OTD: Champlain defeats Iroquois on Richelieu River

On today’s date in 1610, Samuel de Champlain and his Huron and Algonquin allies began an attack on an Iroquois party on Québec’s Richelieu River.

Champlain’s group defeated the Iroquois party five days later. The attack echoed a similar incident a year earlier, when another group led by Champlain defeated a separate Iroquois party. This skirmish, near Crown Point (present-day Ticonderoga), saw the French explorer kill two chieftains with his arquebus (a shoulder-fired firearm).

“These humiliating defeats inflicted on the Iroquois were not soon forgotten,” wrote Bernd Horn in his 2006 book, Perspectives on the Canadian Way of War: Serving the National Interest.

“The consequences of these events would rock the colony for generations. The Iroquois Confederacy became the intractable enemy of the French. ‘Between us and them,’ conceded an intendant in New France, ‘there is no more good faith than between the most ferocious animals.”

SETTLING QUÉBEC

Born into a family of French mariners in 1574, Champlain began exploring North America in 1603 and eventually climbed to the top of society on this side of the pond.

Tasked with mapping the New World and finding a western route to the Orient, Champlain built on the earlier achievements of fellow explorer Jacques Cartier. Champlain eventually made the first attempts at a permanent settlement in 1608, when he built a habitation that would eventually become Québec.
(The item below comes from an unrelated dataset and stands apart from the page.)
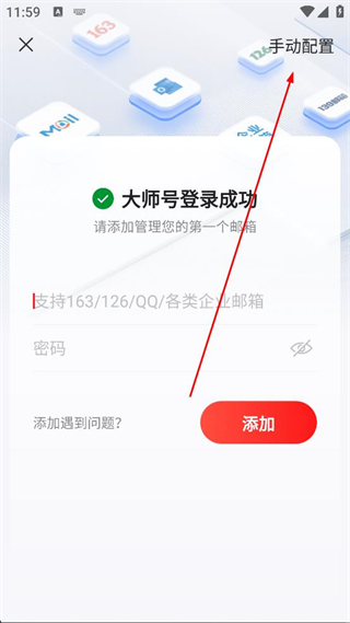 3、登錄成功后點擊手動配置,進入郵箱添加的手動配置流程,可添加163、QQ、各類企業郵箱等。

From 1608-16, Champlain deepened trading relations with local Indigenous communities in present-day Québec. As he began to explore the western interior with Indigenous guides, his quest for new territory was slowed by demands for a permanent settlement as well as his growing role as the Lieutenant General of New France.

On March 1, 1632, Champlain was appointed as New France’s first governor.

He died there three years later on Christmas Day. By the time of his death, the first Québécois settlers were beginning to arrive in New France.

2014 CHAMPLAIN COIN

In 2014, the Royal Canadian Mint featured Champlain on the third coin of its “Great Explorers” series.

The $200 pure gold Proof coin features the French explorer alongside an Indigenous guide as they disembark from canoes on the Ontario shoreline. The coin was designed by Glen Green and has a mintage of 2,000 pieces; a weight of 15.43 grams; and a 29-millimetre diameter.